> _WHAT TO WORK ON_:
Retype every line from the start of the data down to and including the line with "Obrázek č. 4". Skip the pictures.

> _WORKING DATA_:
-.-.-

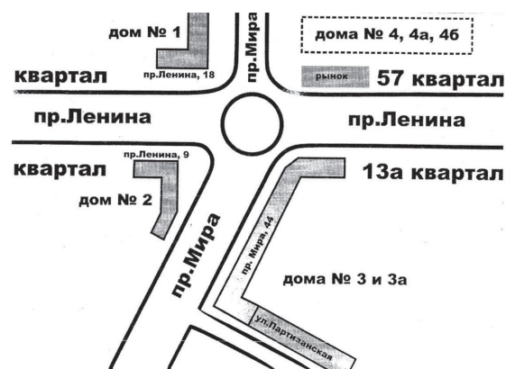
Рис. 2. Пл. Metallургов

Наступает третий этап застройки. На пл. Metallургов три угла застроены 5-этажными зданиями. На четвертом углу планировалось строительство здания (вернее 3-х зданий) в 5–9–12 этажей. С одной стороны, здания выбиваются из общего ансамбля. С другой стороны, они будут «доминирующим и венчающим акцентом пр. Мира». Но третий этап застройки не был завершён. В 1993 году на четвертом углу на том месте, где должен был быть комплекс жилых зданий, украшающий пл. Metallургов, появились три торговых павильона. Постановлением № 867 от 15.07.1993 было утверждено Временное положение по установке торговых киосков и павильонов на территории Комсомольска (рис. 2).
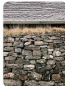
Gambar 4.1.2 Dinding Batu
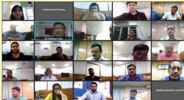
A screenshot during the training programme organized through virtual mode

A 03-day training programme on “ISO 9001:2015 QMS, ISO 14001:2015 EMS & ISO 45001:2018 OH&SMS - Effective Implementation & Internal Auditor Training” was organized through online mode for the executives of E-2 to E-6 level from various disciplines through Engineering Staff College of India, Hyderabad from 15.11.2021 to 17.11.2021.
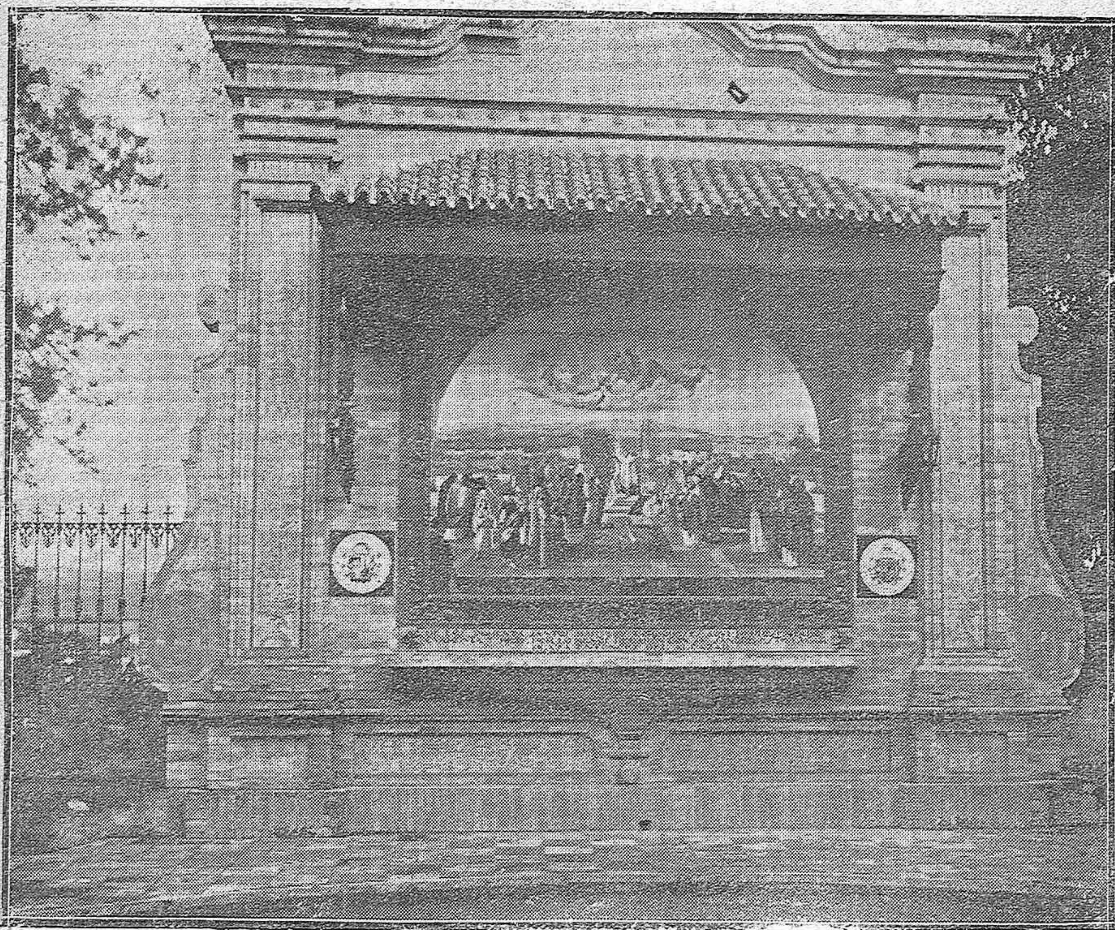
Monumento levantado a los Santos Mártires de Córdoba, en el Patio Central del Seminario de San Pelagio.
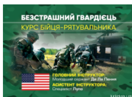
Безстрашний гвардієць. Курс бійця-рятувальника
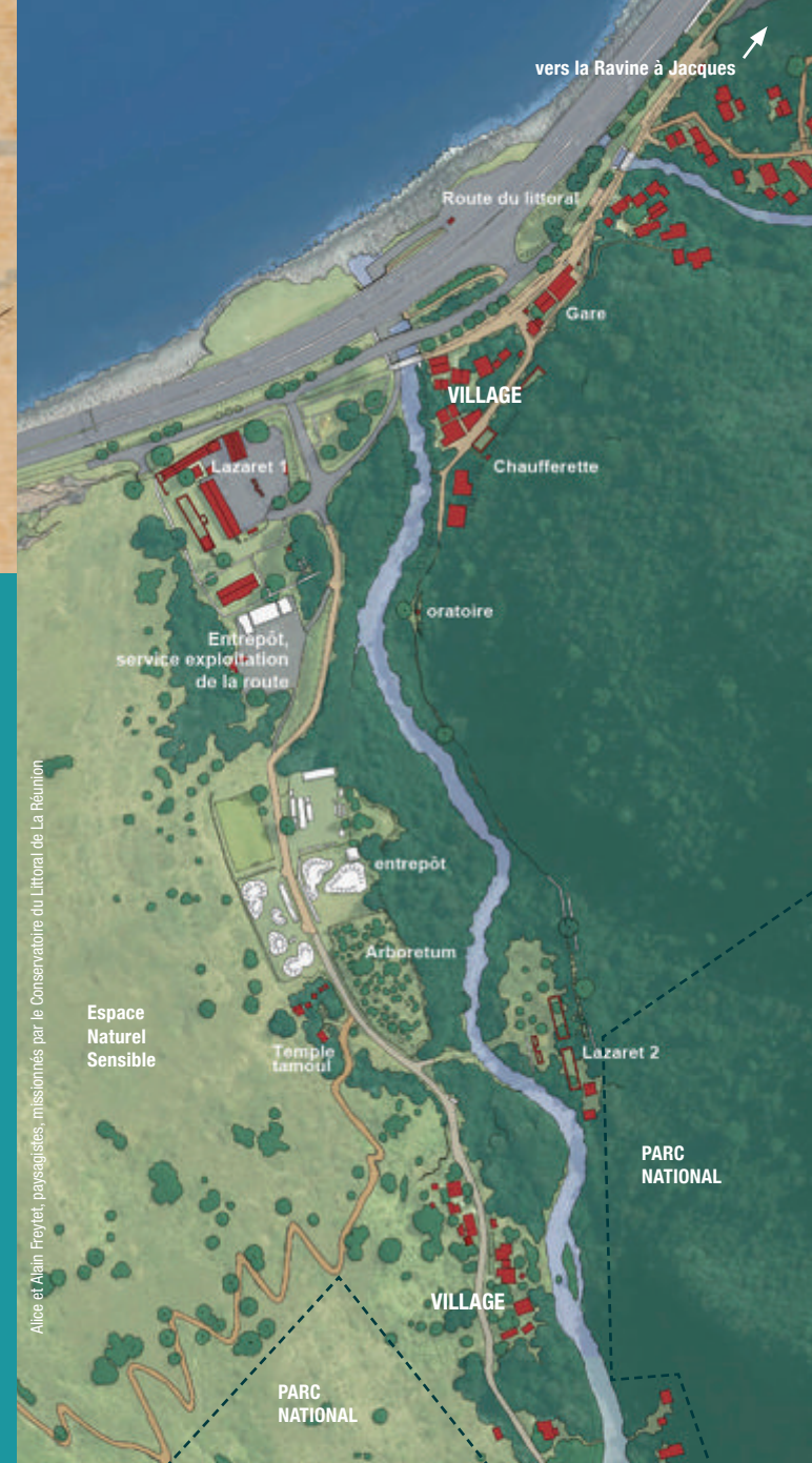
Alice et Alain Froyet, paysagistes, missionnés par le Conservatoire du Littoral de La Réunion

Lieu d'isolement depuis la fin du XVIII e siècle pour les esclaves atteints de variole, il se accueille par la suite les premiers engagés débarquant sur l'île avant d'être remplacé par les lazarets n° 1 et 2.
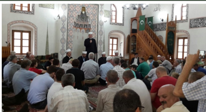
Hafiska mukabela u Čarši-džamiji

Javni programi – Obilježen 3. maj „Dan šehida“ općine i 7. maj „Dan džamija“, (str. 6.)
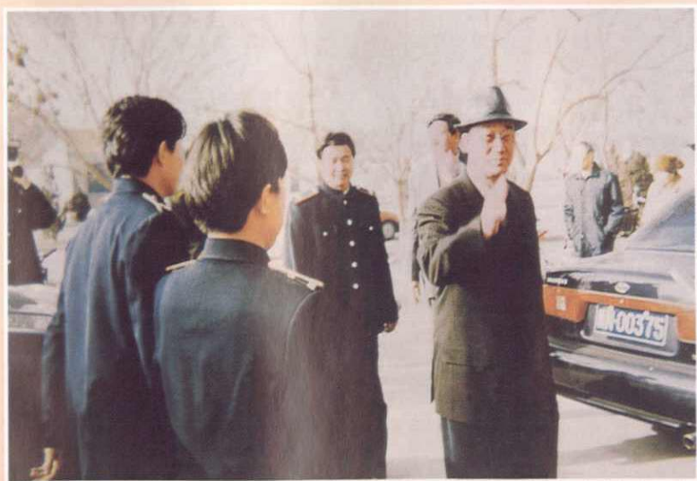
▶ 自治区地税局书记王志辉来阿克苏视察
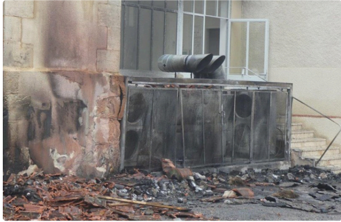
point de départ du sinistre
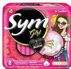
470 ABSORVENTE SYM GIRL C/ABAS SUAVE | 12X8 UNID 7896110003221
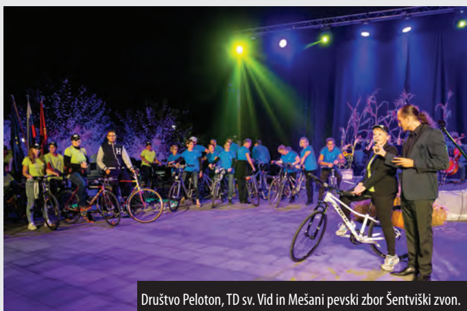
Društvo Peloton, TD sv. Vid in Mešani pevski zbor Šentviški zvon.
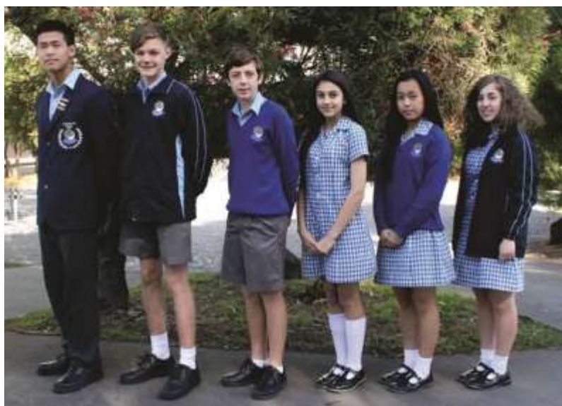
Obrázek č. 4 - Letní a zimní typ školní uniformy v Austrálii

V Austrálii je povinné nošení školních uniforem na většině základních, soukromých všech katolických škol. Díky tomu, že si může každá škola vybrat vlastní design uniformy, volí většinou barvy, které vychází z loga školy. Chlapecká uniforma zahrnuje obvykle košili, šedé kalhoty a kraťasy doplněné podkolenkami (pouze v letních měsících). Některé školy chlapcům umožňují nosit kraťasy jen v mladším věku. Dívky kromě kalhot odívají kostkované, či pruhované šaty, pod kterými nosí halenku. V zimních měsících je uniforma doplněna sakem a kravatou u obou pohlaví. Existují však i školy, kde si dívky mohou vybrat a nosit místo sukně tmavé kalhoty. Co se týče sportovních aktivit, u žáků je vyžadována změna uniformy z klasické na sportovní. Tato souprava obsahuje komfortní polokošili a kraťasy. V rámci posledního ročníku můžeme na ulicích potkat studenty, kteří mají svůj vlastní svetr, či bundu, která představuje jejich závěrečný rok na střední škole (K12 Academics, © 2004).
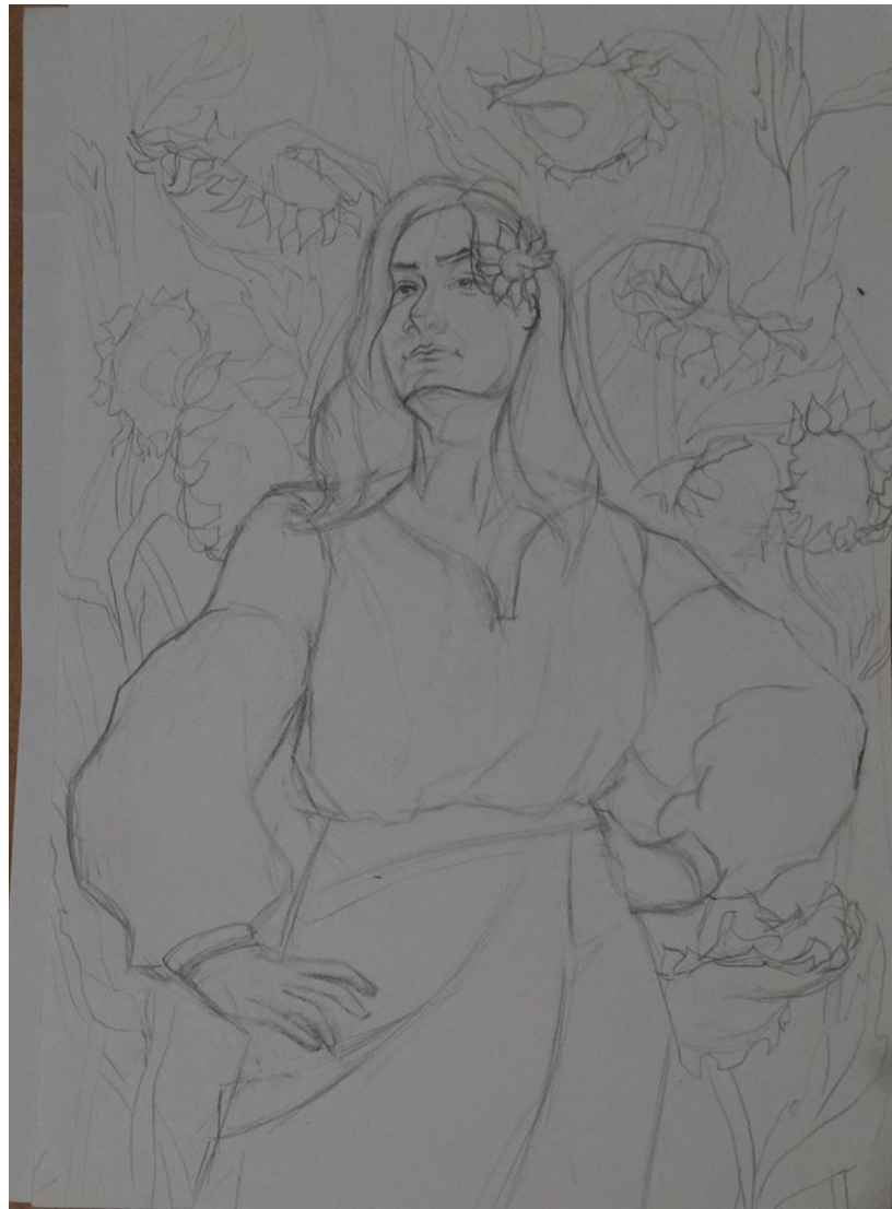
Рис.2.14. Композиційне вирішення майбутньої роботи.
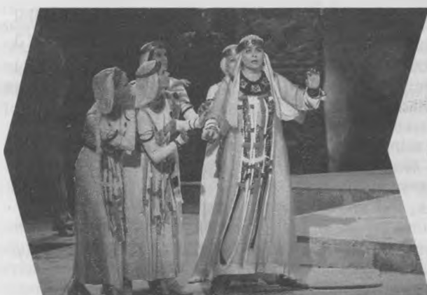
У ролі Купавы ў оперы "Снягурка" М. Рымскага-Корсакава, Вялікі тэатр

У 2010-м дэбютавала на сцэне Вялікага тэатра Расіі ў партыі Разалінды ў прэм'еры оперы "Лятучая мыш" І. Штрауса. Там жа спявала ў спектаклях "Снягурка" М. Рымскага-Корсакава, "Вішнёвы сад" Ф. Фенелона. У Маскоўскай філармоніі выступіла ў оперы "Аберон" К. М. Вэбера, а таксама з'яўлялася на сцэне Санкт-Пецярбургскай філармоніі.
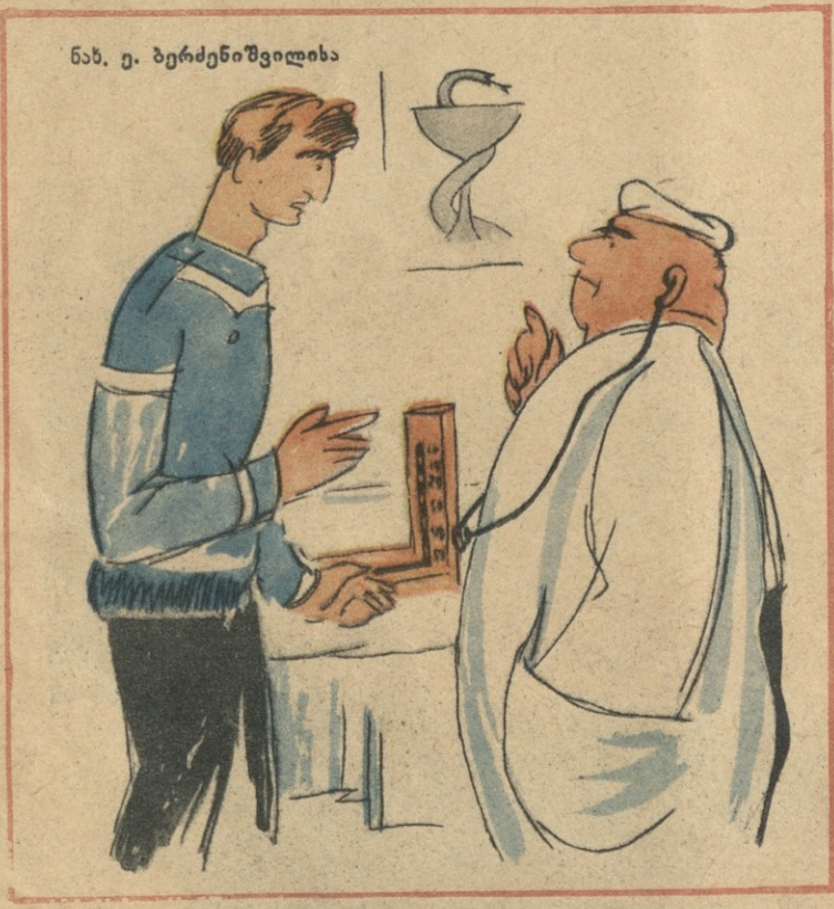
ნან. ე. ბერძენიშვილისა

— პათივცემული ექიმო... — ჯერ რა პათივი მეცით, ასე რომ მომმართავთ!
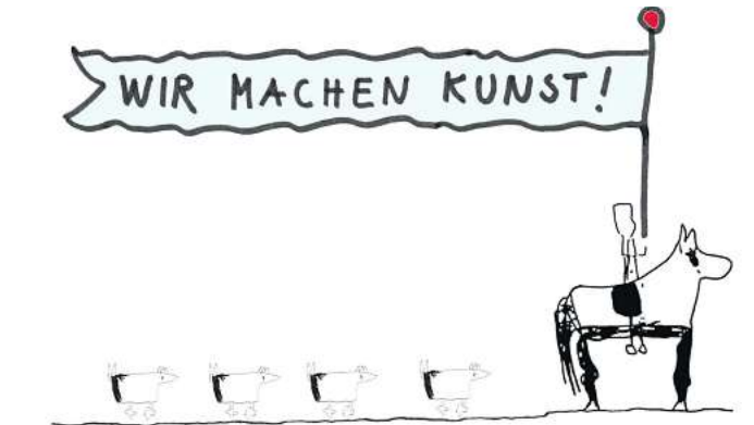
Wer mag, kann an der Kinder- und Jugendkunstschule Wedemark seiner Kreativität freien Lauf lassen.
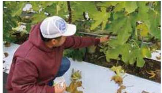
収穫時期はノンストップで稼働しています。

また、いちじくは子どもの頃から身近なもので古いイメージしかありませんでしたが、毎年、県の普及センターを通じて就農希望の研修生を受け入れたり、直売所でも若い人が手に取っていたりと、イメージが変わり
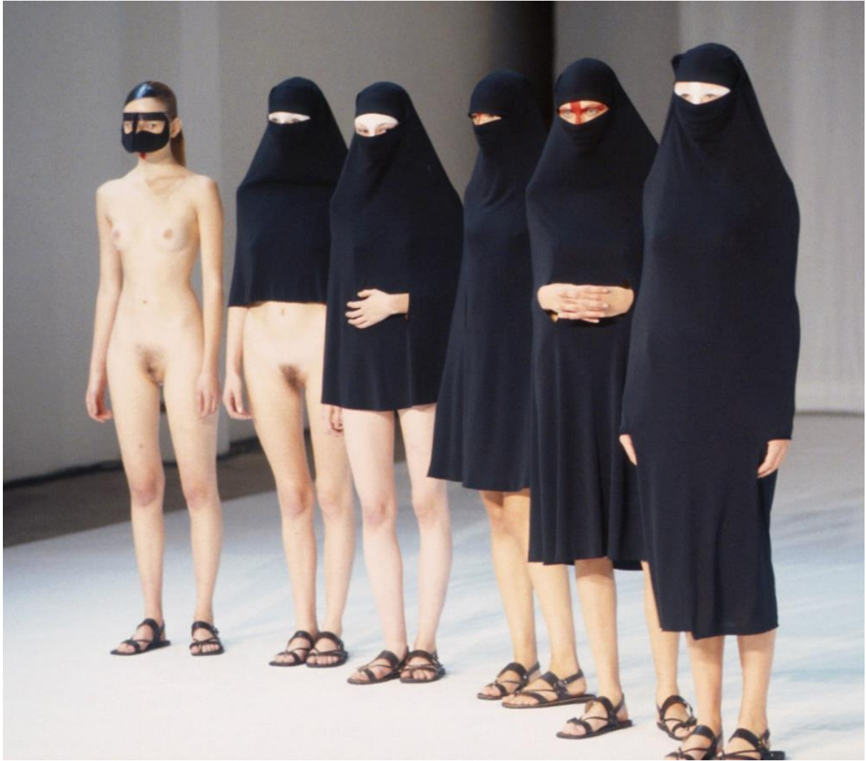
Slika 3. Hussein Chalayan: Between 1998. godina [3]
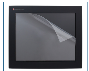
El protector de pantalla opcional protege las pantallas táctiles contra los arañazos y el desgaste.

-.-.-

> _TASK SOLUTION_:
Рис. 2. Пл. Metallургов

Наступает третий этап застройки. На пл. Metallургов три угла застроены 5-этажными зданиями. На четвертом углу планировалось строительство здания (вернее 3-х зданий) в 5–9–12 этажей. С одной стороны, здания выбиваются из общего ансамбля. С другой стороны, они будут «доминирующим и венчающим акцентом пр. Мира». Но третий этап застройки не был завершён. В 1993 году на четвертом углу на том месте, где должен был быть комплекс жилых зданий, украшающий пл. Metallургов, появились три торговых павильона. Постановлением № 867 от 15.07.1993 было утверждено Временное положение по установке торговых киосков и павильонов на территории Комсомольска (рис. 2).
Gambar 4.1.2 Dinding Batu
A screenshot during the training programme organized through virtual mode

A 03-day training programme on “ISO 9001:2015 QMS, ISO 14001:2015 EMS & ISO 45001:2018 OH&SMS - Effective Implementation & Internal Auditor Training” was organized through online mode for the executives of E-2 to E-6 level from various disciplines through Engineering Staff College of India, Hyderabad from 15.11.2021 to 17.11.2021.
Monumento levantado a los Santos Mártires de Córdoba, en el Patio Central del Seminario de San Pelagio.
Безстрашний гвардієць. Курс бійця-рятувальника
Alice et Alain Froyet, paysagistes, missionnés par le Conservatoire du Littoral de La Réunion

Lieu d'isolement depuis la fin du XVIII e siècle pour les esclaves atteints de variole, il se accueille par la suite les premiers engagés débarquant sur l'île avant d'être remplacé par les lazarets n° 1 et 2.
Hafiska mukabela u Čarši-džamiji

Javni programi – Obilježen 3. maj „Dan šehida“ općine i 7. maj „Dan džamija“, (str. 6.)
▶ 自治区地税局书记王志辉来阿克苏视察
point de départ du sinistre
470 ABSORVENTE SYM GIRL C/ABAS SUAVE | 12X8 UNID 7896110003221
Društvo Peloton, TD sv. Vid in Mešani pevski zbor Šentviški zvon.
Obrázek č. 4 - Letní a zimní typ školní uniformy v Austrálii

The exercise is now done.